I'm sorry you've had such a hard time of it. Are you feeling a bit better? It must be extremely tough. Your mental health is most important though x

BountifulPantry · 07/03/2025 14:41

That sounds really hard- you poor thing. How are things now you’re with your parents? Are you having treatment for your PND?

Bogocz1 · 08/03/2025 19:24

I got sacked from my job of 28 years at Christmas for being late back off my brews and having my phone on me. I hated myself for quite a bit but now I'm thinking it was perhaps the push I needed. Luckily we have savings to fall back on until I find something else.

Disturbia81 · 09/03/2025 09:52

We do what we think is best at the time.

We may get wiser and can look back in hindsight but all we can say is we made the best decision at that moment in time.

I don't have regrets as everything that has happened has led me to where I am now.

All we can do is learn from these things, they DO make us more rounded as people, and try and make better decisions in future. But accept there are things we will decide now that we may regret in future. We are always getting wiser.

tangoboxing · 09/03/2025 10:06

I’m clinging to “a bad outcome is not always the result of a bad decision” … most people make the best decisions they can given the information & choices they have, in the context of history and experience and a whole load of intangible influences. We don’t intend our decisions to be disasters!

When there is a bad outcome punishing ourselves for it doesn’t make us more able to deal with it.
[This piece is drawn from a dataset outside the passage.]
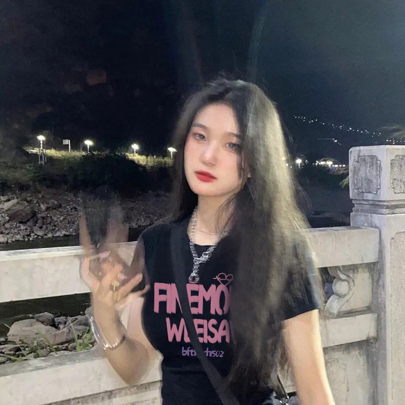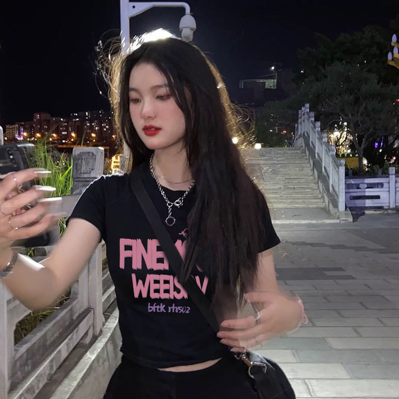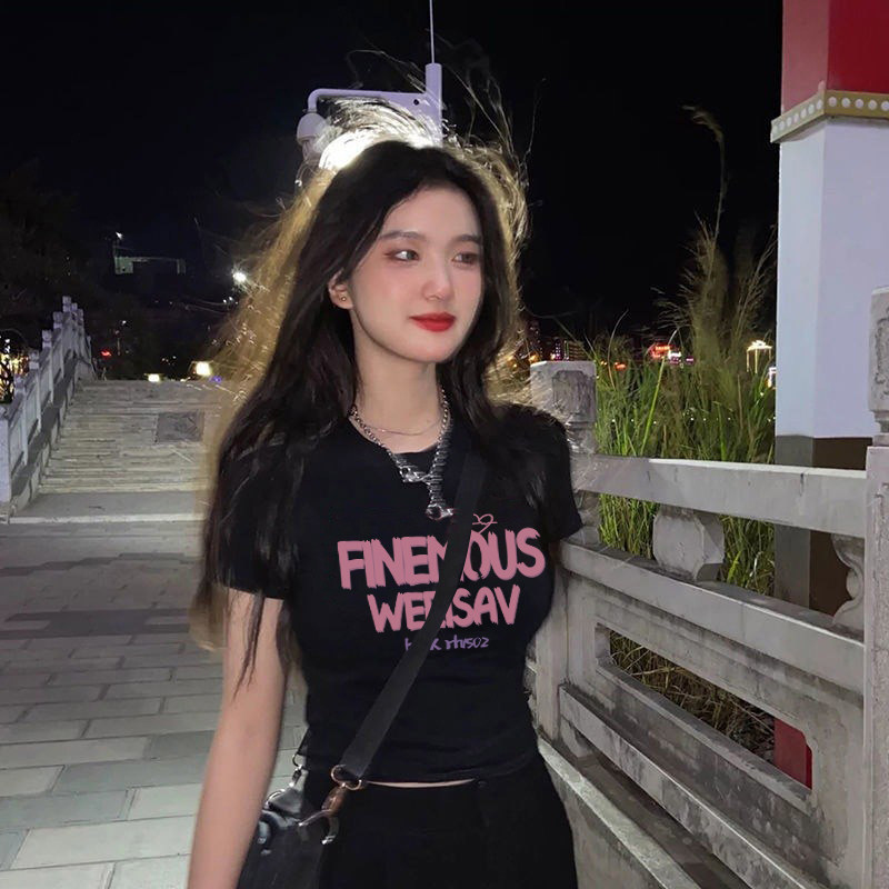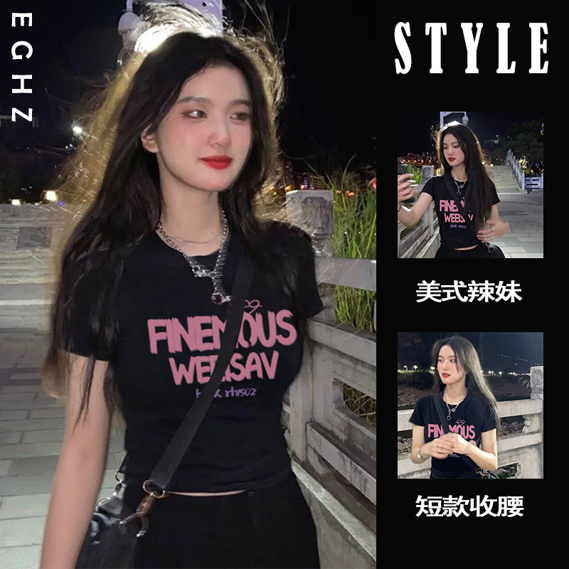 Ретро черная хлопковая дизайнерская приталенная футболка с коротким рукавом, в американском стиле, тренд сезона

Some outcomes are actually unpredictable & sometimes unlikely outcomes actually occur. I think it gives people comfort to believe we have total control over our lives - that we can protect ourselves from all the bad & scary stuff if we are clever enough or sensible enough or work harder.
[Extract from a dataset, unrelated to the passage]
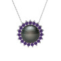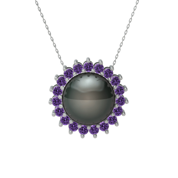 Siyah inci ve ametist 18 ayar beyaz altın kolye (40 cm beyaz altın rolo zincir)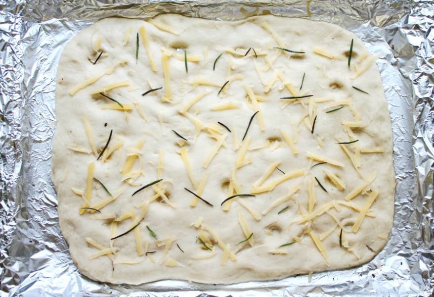 Пальцем сделайте дырочки по всей поверхности теста. Посыпьте фокачча тертым на крупной терке пармезаном и иголочками розмарина.

When shit stuff does happen believing it’s all your fault, you’ve failed & you should be blamed or punished for it just makes you less able to cope and move on. That self-hatred and over emphasis on failure won’t lead to good decision making in the future.
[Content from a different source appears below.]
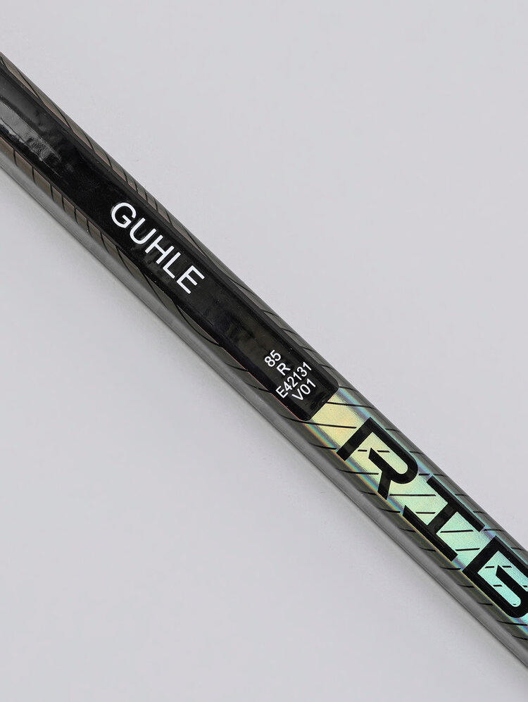 Ceci est un bâton gaucher CCM TRIGGER8 de flex 85 préparé pour Kaiden Guhle.

I tell myself this a lot at the moment!

tangoboxing · 09/03/2025 10:10

And there’s often someone who’ll come along and say “well I won’t have done that - it was obviously not the best thing to do” … maybe, but they are speaking with the hindsight knowledge of your experience! Each of us has a unique set of life experiences & influences - the decisions we make can’t be isolated from those (neither good nor bad).